**WHAT THIS TASK INVOLVES**
Starting at the line that holds "The Mughal Empire stretched", reproduce each line exactly up to and including the last line of the records below. Pictures stay out.

**SOURCE DATA**

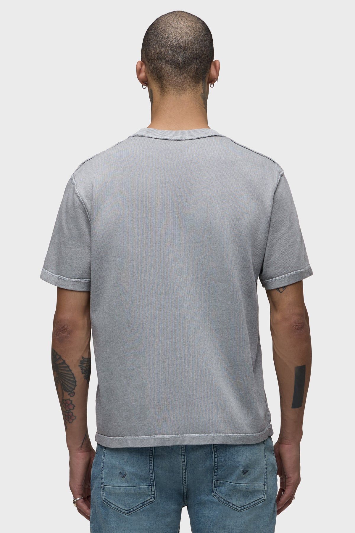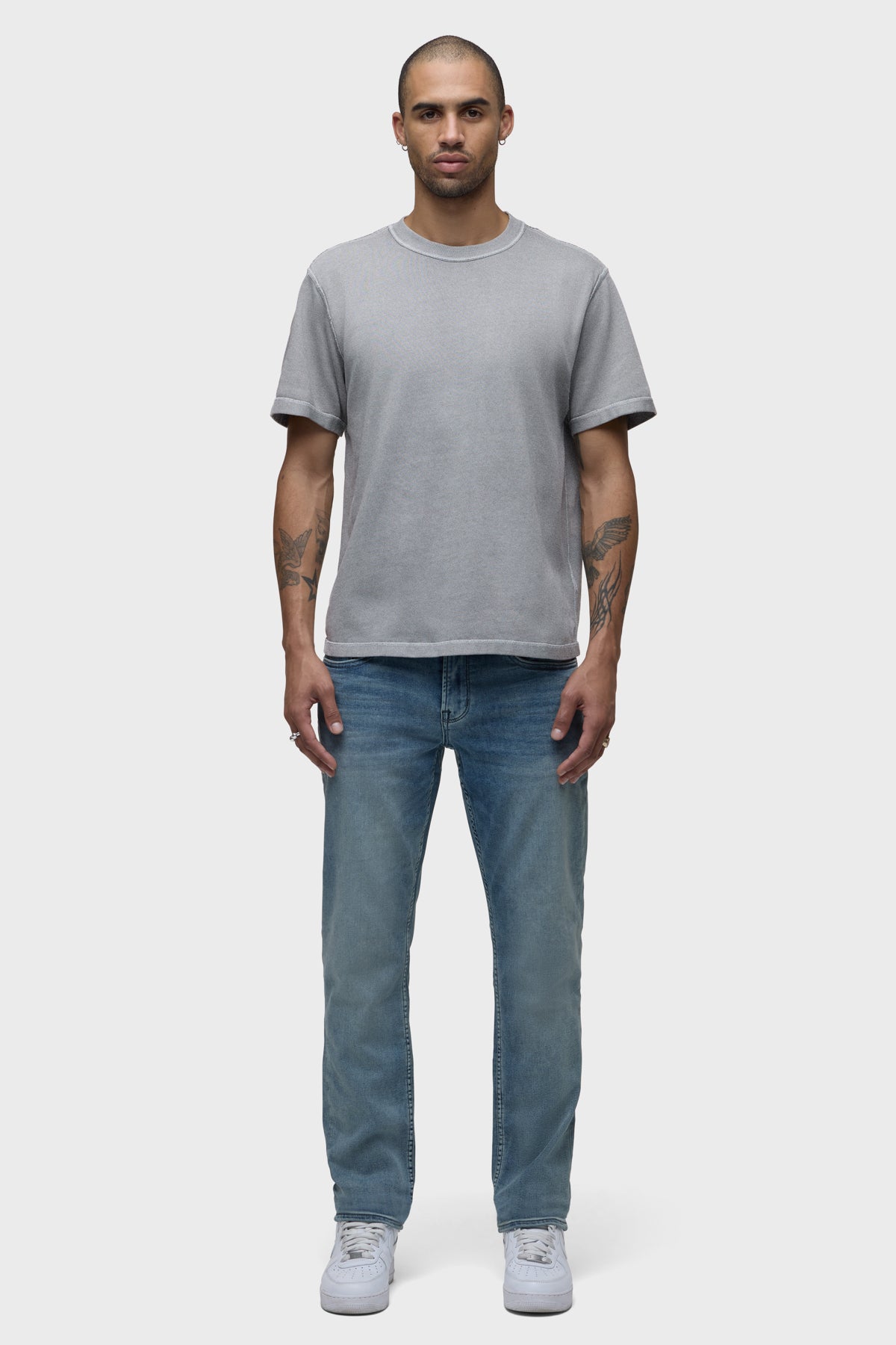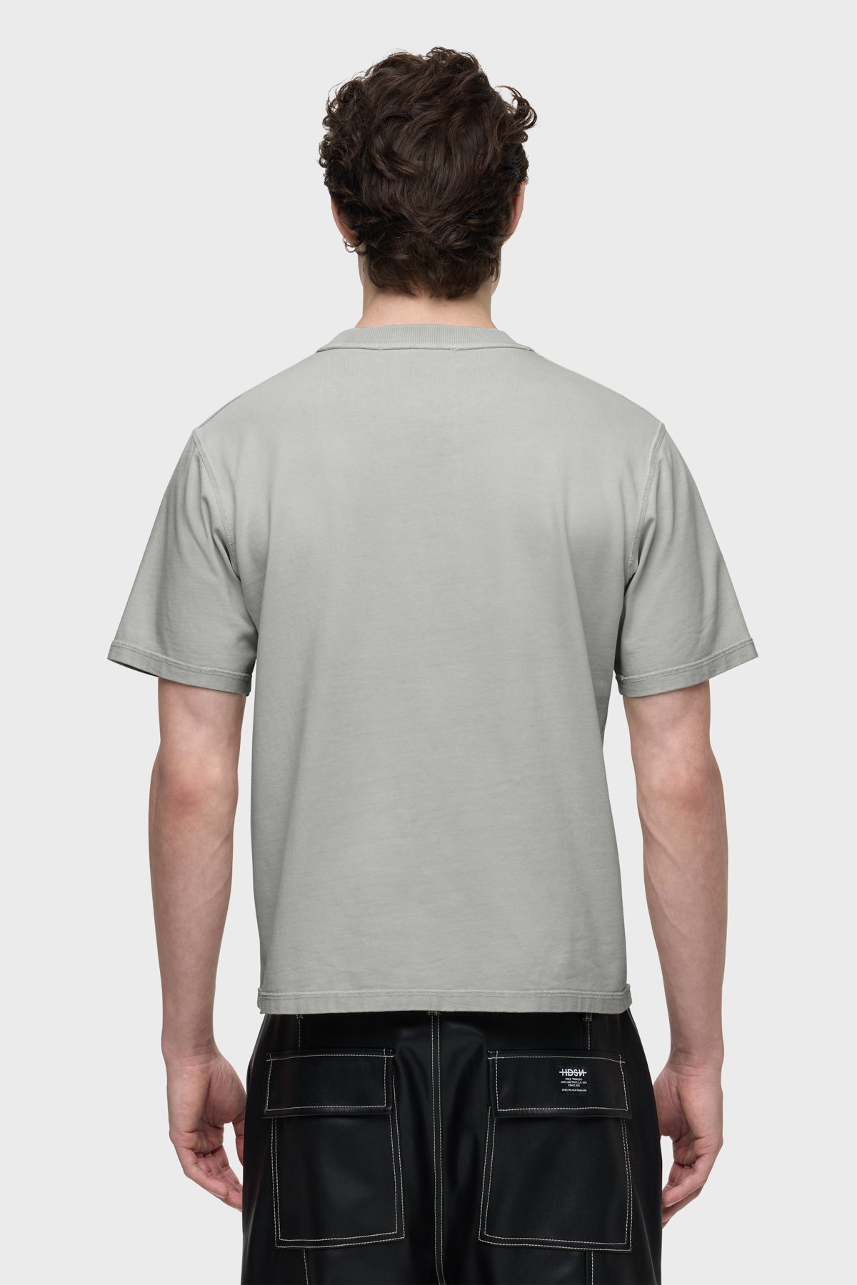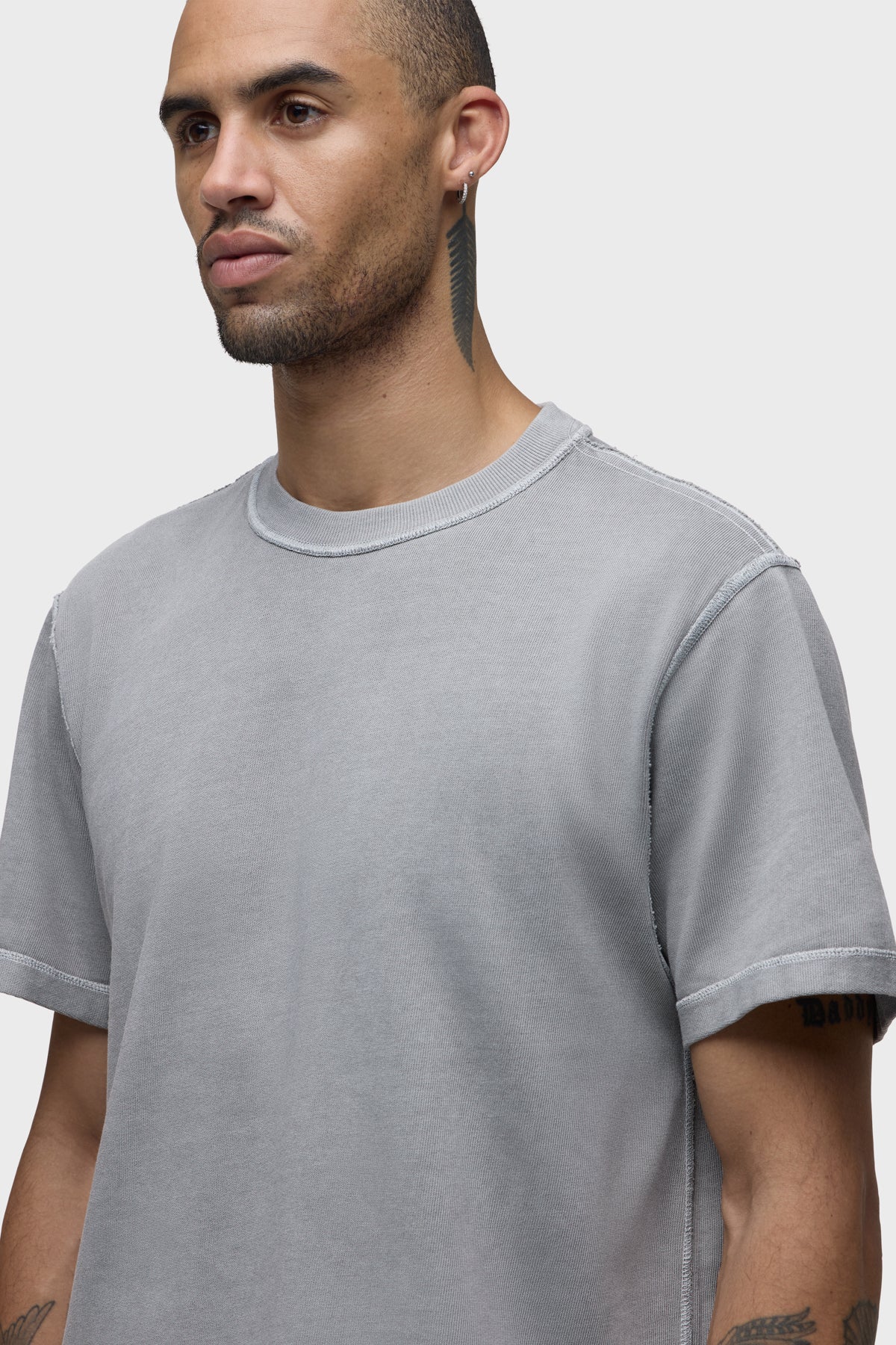 Our new Heavy Weight Tee in Lead is made from 100% cotton with a slightly boxy fit. The crew neckline is ribbed and the tee is finished with reverse seam details. Stone washed to give a soft feel and worn-in look. -
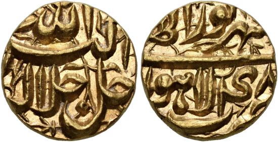 The Mughal Empire stretched over most of India in the early seventeenth century and numerous mints struck gold mohurs for the emperor. The Mughal Empire broke up in the eighteenth century under external attack, Hindu rebellion and civil war. This collapse allowed European colonizers entry into the subcontinent and eventual British control. The IE date on this specimen seems to be a regnal calendar abandoned after Akbar's death.
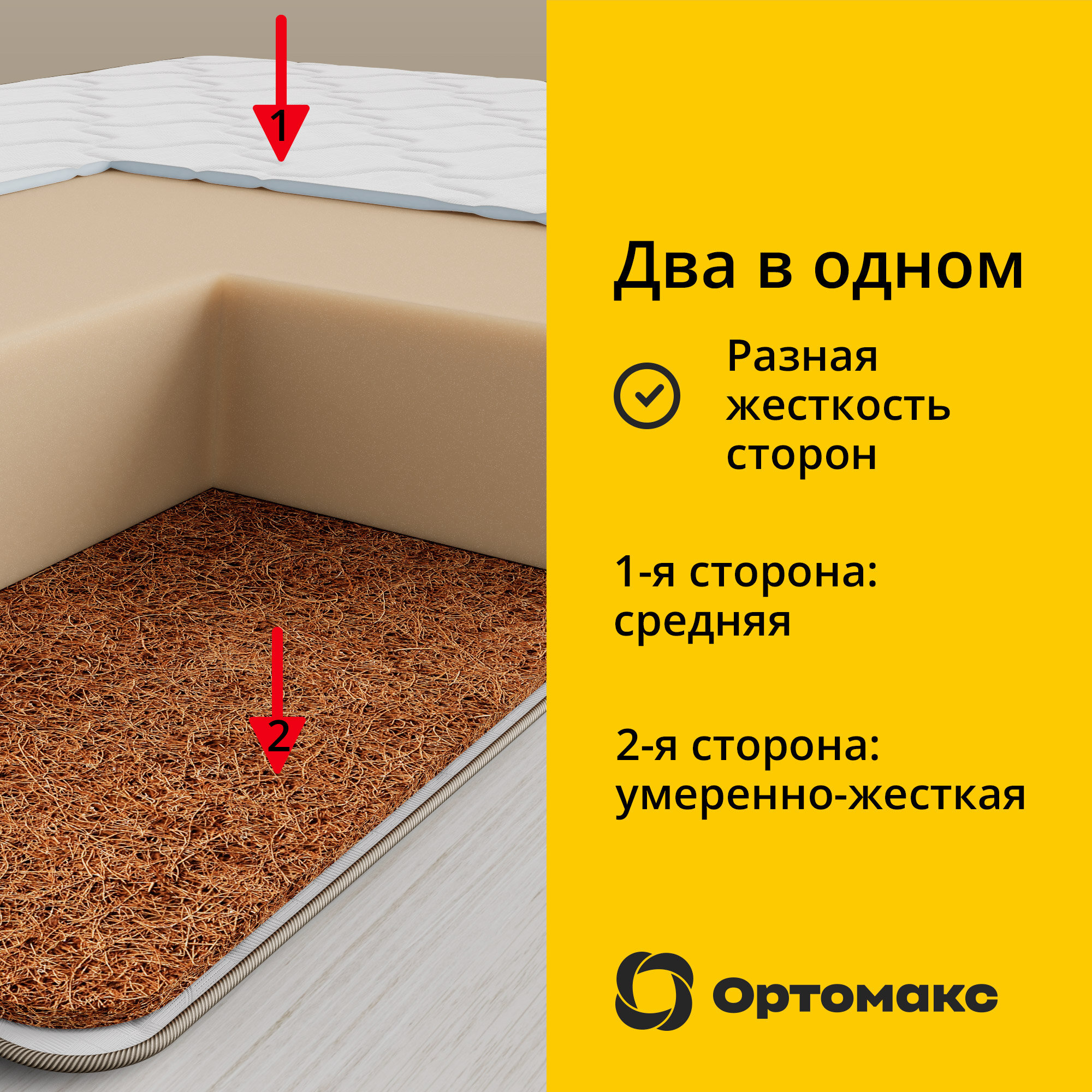 Двусторонний ортопедический матрас Ортомакс Monolit Premium Cocos 90х190 (односпальный) с кокосовой койрой
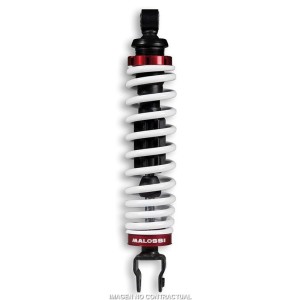 Amortiguador oleo-neumático con regulación en la pre carga del muelle, distancia entre tornillos aumentada en 35mm respecto al amortiguador original
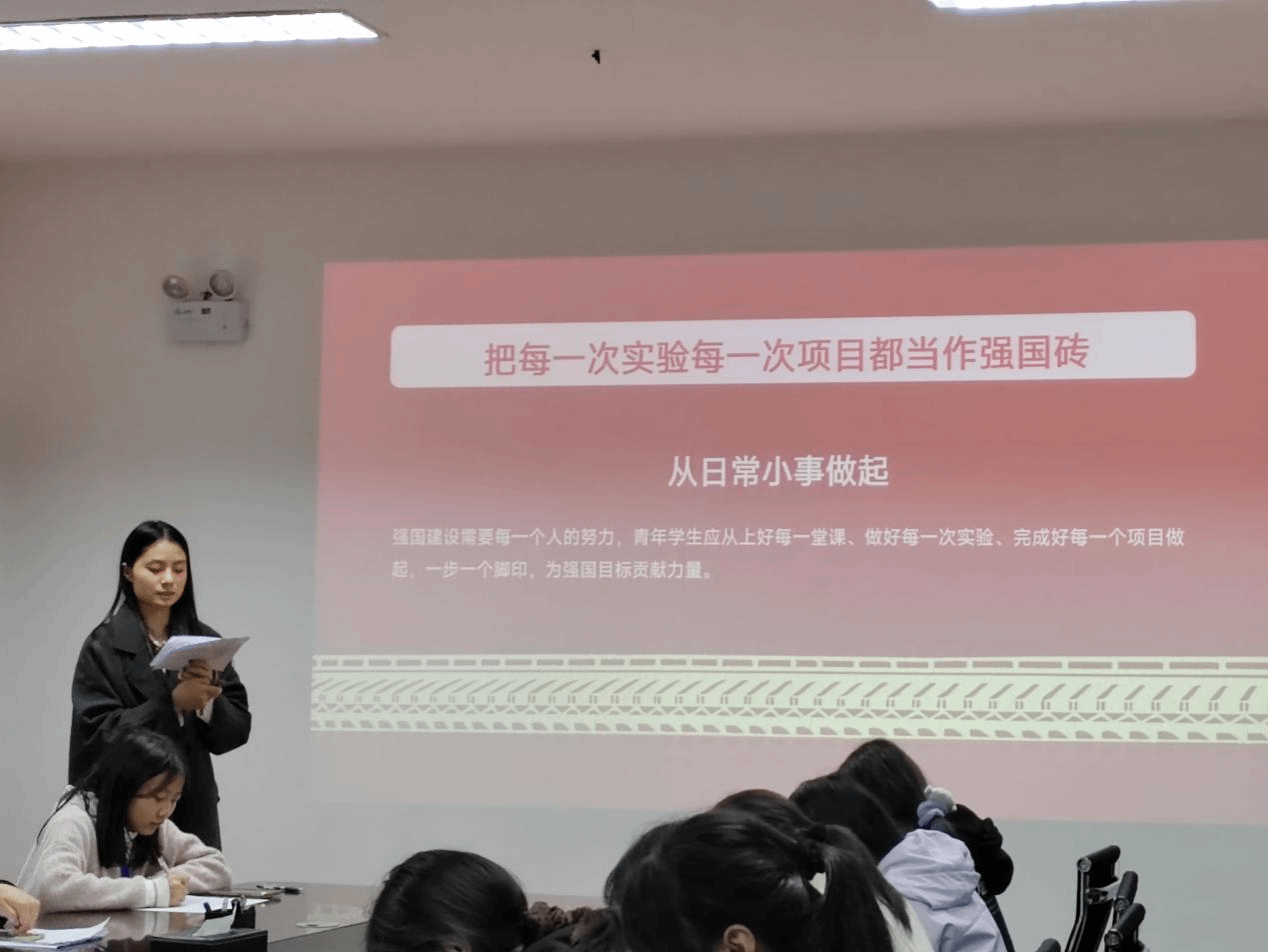 九位学生主讲人围绕《习近平谈治国理政》第五卷专题五“一体推进教育科技人才事业发展”的研读心得进行展示汇报。

**SOLVED PROBLEM**
 The Mughal Empire stretched over most of India in the early seventeenth century and numerous mints struck gold mohurs for the emperor. The Mughal Empire broke up in the eighteenth century under external attack, Hindu rebellion and civil war. This collapse allowed European colonizers entry into the subcontinent and eventual British control. The IE date on this specimen seems to be a regnal calendar abandoned after Akbar's death.
 Двусторонний ортопедический матрас Ортомакс Monolit Premium Cocos 90х190 (односпальный) с кокосовой койрой
 Amortiguador oleo-neumático con regulación en la pre carga del muelle, distancia entre tornillos aumentada en 35mm respecto al amortiguador original
 九位学生主讲人围绕《习近平谈治国理政》第五卷专题五“一体推进教育科技人才事业发展”的研读心得进行展示汇报。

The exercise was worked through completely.